It's only getting worse..

canucka

Bluelighter
Joined
Oct 1, 2007
Messages
161
Location
CowTown
so im a 'recoving' heroin addict.. as well ive been using meth on and off for aprox. 6 years.. never been off longer than a month..
Things have been getting worse for me.. im in a very dark, very bad place right now.. Ive attempted suicide on 3 seperate occasions before in my life..
this was after the love of my life died in my arms 2 years ago almost, of a heroin OD..
right now though im feeling worse than ever.. ive been getting scripts for dillies and benzo's from about 13 diferent doc's over the past few months and it hasnt been helping..
i feel as though im at the end of my rope.. i have noone to talk to about it.. and all i want is some human fucking interaction..

so ya.. what the fuck should i do?? im in a deep, dark rut that smells like death..

can anyone please say a word or two?? it would help in a big way..
 
Man, i feel for you... I know what it can be like and I struggle with it alot..

Also done the attempts on my life a few times.
I broke my neck - went onto oxys, then heroin. The love of my life left me - we were married, and she left AFTER i got clean but stuck with me while i was using..

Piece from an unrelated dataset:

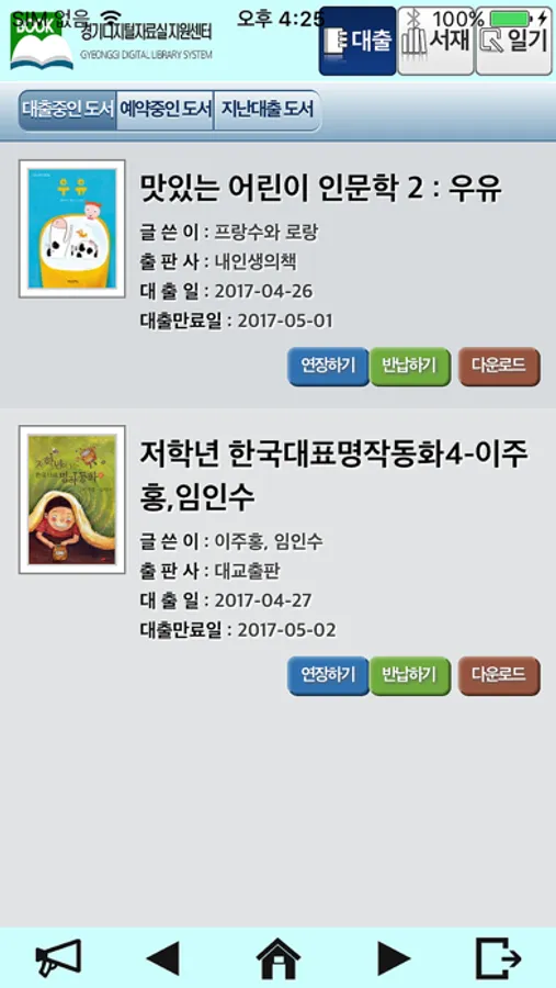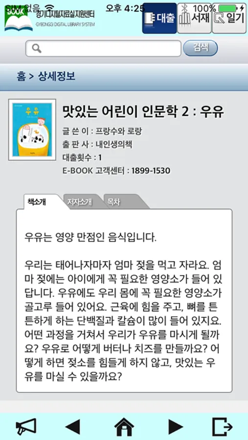 경기디지털자료실 지원센터 도서관 대출회원으로 인증한 이용자를 대상으로 전자책 서비스를 제공합니다. 전자책을 검색, 대출하여 스마트폰을 통하여 언제 어디서든지 책읽기가 가능합니다.

Anyway, this isnt about me, im just saying i can relate. I dont know how or why i keep going but i do. I have a feeling in myself that I still have something to offer, something to live for and I hope every day that I find that new love, even better than the first...

You seem like a smart dude, and you know, intelligence can be a burden. Ignorance is bliss and it's true. Sometimes the thoughts we have can take over our lives and affect our souls in a way more ignorant people dont see or cant comprehend.

I say keep going. Youre worth it, and you've gotta have someone who cares. Hell, even here on the internet where you don't even know people face to face - there are individuals willing to take some time to lend some words of comfort.